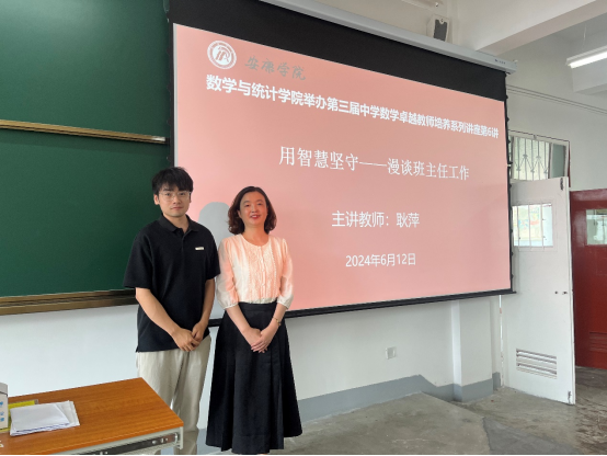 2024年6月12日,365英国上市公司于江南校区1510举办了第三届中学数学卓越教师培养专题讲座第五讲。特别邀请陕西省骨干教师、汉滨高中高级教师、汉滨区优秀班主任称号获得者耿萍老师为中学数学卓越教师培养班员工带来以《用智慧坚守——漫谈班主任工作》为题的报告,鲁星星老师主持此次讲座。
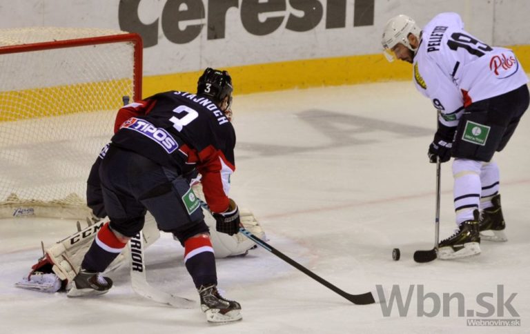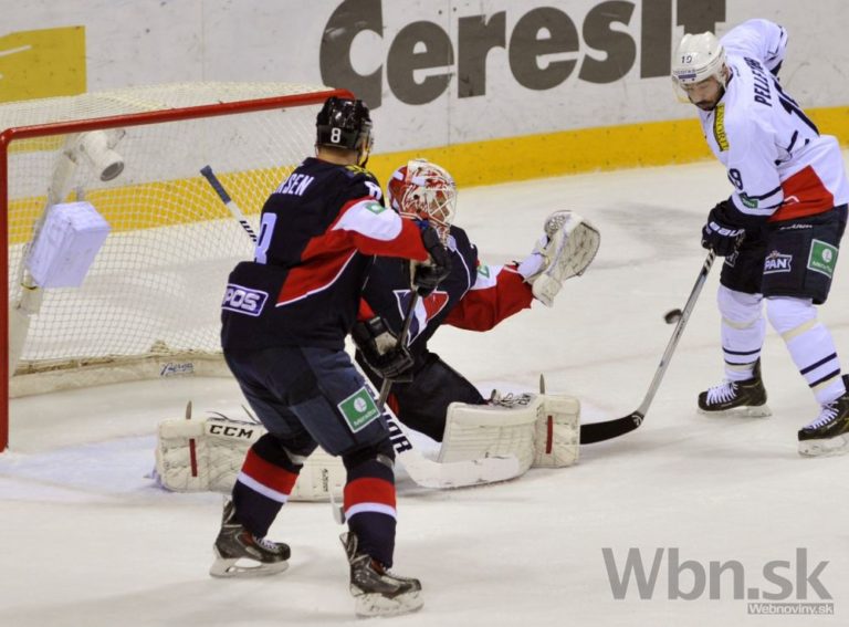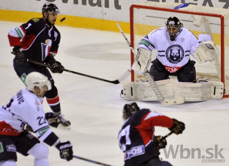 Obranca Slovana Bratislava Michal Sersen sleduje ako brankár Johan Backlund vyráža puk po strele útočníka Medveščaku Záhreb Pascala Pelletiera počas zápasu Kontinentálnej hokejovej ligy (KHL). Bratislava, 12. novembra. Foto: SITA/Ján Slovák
* * *
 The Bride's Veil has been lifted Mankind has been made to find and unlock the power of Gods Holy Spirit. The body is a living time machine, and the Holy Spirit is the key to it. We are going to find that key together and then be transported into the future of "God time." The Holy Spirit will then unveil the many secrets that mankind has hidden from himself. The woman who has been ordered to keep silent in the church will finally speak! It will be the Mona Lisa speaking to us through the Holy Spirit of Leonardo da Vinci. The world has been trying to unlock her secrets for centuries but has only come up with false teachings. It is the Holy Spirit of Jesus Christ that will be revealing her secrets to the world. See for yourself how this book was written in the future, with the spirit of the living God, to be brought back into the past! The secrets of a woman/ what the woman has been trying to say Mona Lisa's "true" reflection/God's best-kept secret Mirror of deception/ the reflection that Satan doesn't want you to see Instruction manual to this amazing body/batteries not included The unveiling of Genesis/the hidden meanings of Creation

_WHAT IS EXPECTED_
Only the lines starting at the one with "2024年6月12日,365" and ending at the one with "Obranca Slovana Bratislava" should be printed, each exactly as it appears in the material above; the pictures are to be omitted.

_YOUR RESPONSE_
 2024年6月12日,365英国上市公司于江南校区1510举办了第三届中学数学卓越教师培养专题讲座第五讲。特别邀请陕西省骨干教师、汉滨高中高级教师、汉滨区优秀班主任称号获得者耿萍老师为中学数学卓越教师培养班员工带来以《用智慧坚守——漫谈班主任工作》为题的报告,鲁星星老师主持此次讲座。
 Obranca Slovana Bratislava Michal Sersen sleduje ako brankár Johan Backlund vyráža puk po strele útočníka Medveščaku Záhreb Pascala Pelletiera počas zápasu Kontinentálnej hokejovej ligy (KHL). Bratislava, 12. novembra. Foto: SITA/Ján Slovák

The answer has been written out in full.